In deze zaak gaat het om een kort geding tussen een werknemer en zijn werkgever, Taliesin Construction N.V., over de betaling van ziekengeld. De werknemer, die sinds 1997 in dienst is bij Taliesin, heeft in hoger beroep beroep aangetekend tegen een vonnis van het Gerecht in eerste aanleg van Sint Maarten, waarin zijn vorderingen gedeeltelijk zijn toegewezen. De werknemer heeft gesteld dat hij van 27 april 2021 tot en met 18 april 2022 arbeidsongeschikt is geweest en dat Taliesin gehouden is om 80% van zijn loon te betalen over deze periode. Het Hof heeft in een tussenvonnis geoordeeld dat het niet duidelijk is of de Sociale Verzekeringsbank (SVB) in deze periode uitkeringen heeft gedaan en heeft beide partijen opgedragen om hierover informatie te verstrekken. Het Hof heeft de beslissing over de toelating tot kosteloos procederen aangehouden en de zaak naar de rol verwezen voor verdere behandeling. De uitspraak is gedaan op 15 mei 2024.

Uitspraak

Burgerlijke zaken over 2024
Registratienummers: SXM202200395 – SXM2022H00096
Uitspraak: 15 mei 2024
GEMEENSCHAPPELIJK HOF VAN JUSTITIE
van Aruba, Curaçao, Sint Maarten en
van Bonaire, Sint Eustatius en Saba
V O N N I S
in kort geding in de zaak van:
[WERKNEMER],
wonende in Sint Maarten,
in eerste aanleg eiser, thans appellant,
gemachtigde: mr. A.A. Kraaijeveld,
tegen
de naamloze vennootschap
TALIESIN CONSTRUCTION N.V.,
gevestigd in Sint Maarten,
in eerste aanleg gedaagde, thans geïntimeerde,
gemachtigde: mr.
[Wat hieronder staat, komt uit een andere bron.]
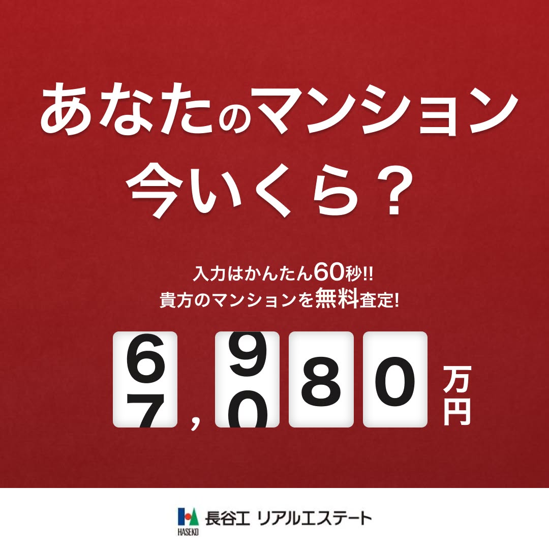 白い大きな文字で書かれた「あなたのマンション 今いくら?」というキャッチコピーが目を引き、視線を自然に中央に誘導します。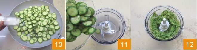 Season with salt 10 and pepper and continue to cook gently for at least 10 minutes. Then turn off the heat and let it cool. Then transfer the cooked zucchini to the blender 11 and blend them coarsely 12.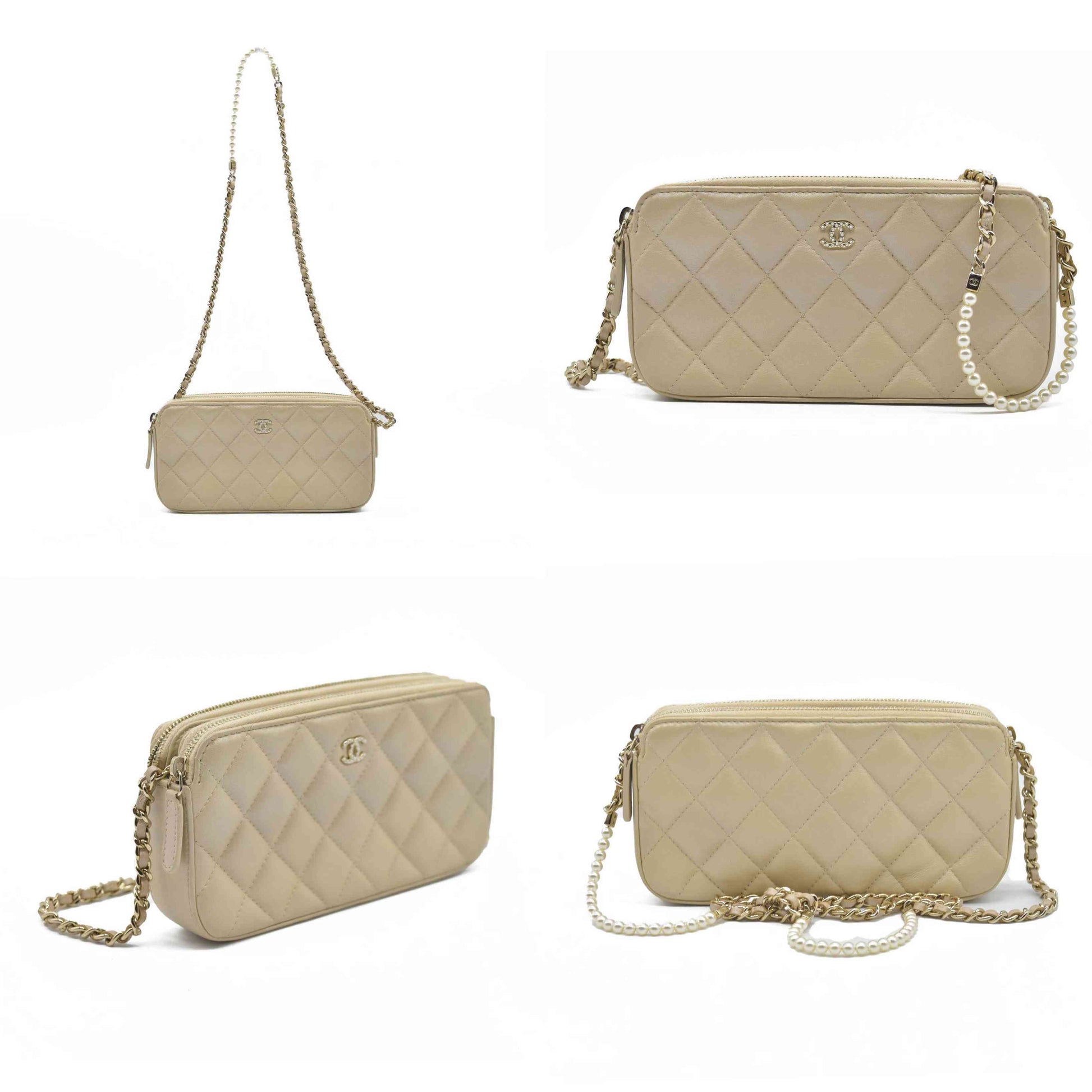 $4950 Chanel Canvas Small Deauville Clutch Beige With Pearl Chain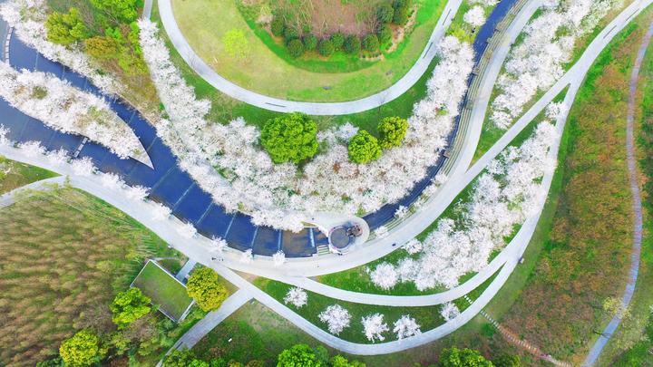 在兰湖旅游度假区,满园樱花,白花似雪。

L.C. Peterson.
Partijen worden hierna [werknemer] en Taliesin genoemd.

1.De zaak in het kort

Dit kort geding tussen een werkgever en een werknemer heeft in hoger beroep nog slechts betrekking op de betaling van ziekengeld over een periode waarin de werknemer arbeidsongeschikt is geweest (en mogelijk op betaling van loon over de periode daarna). Het Hof wijst een tussenvonnis.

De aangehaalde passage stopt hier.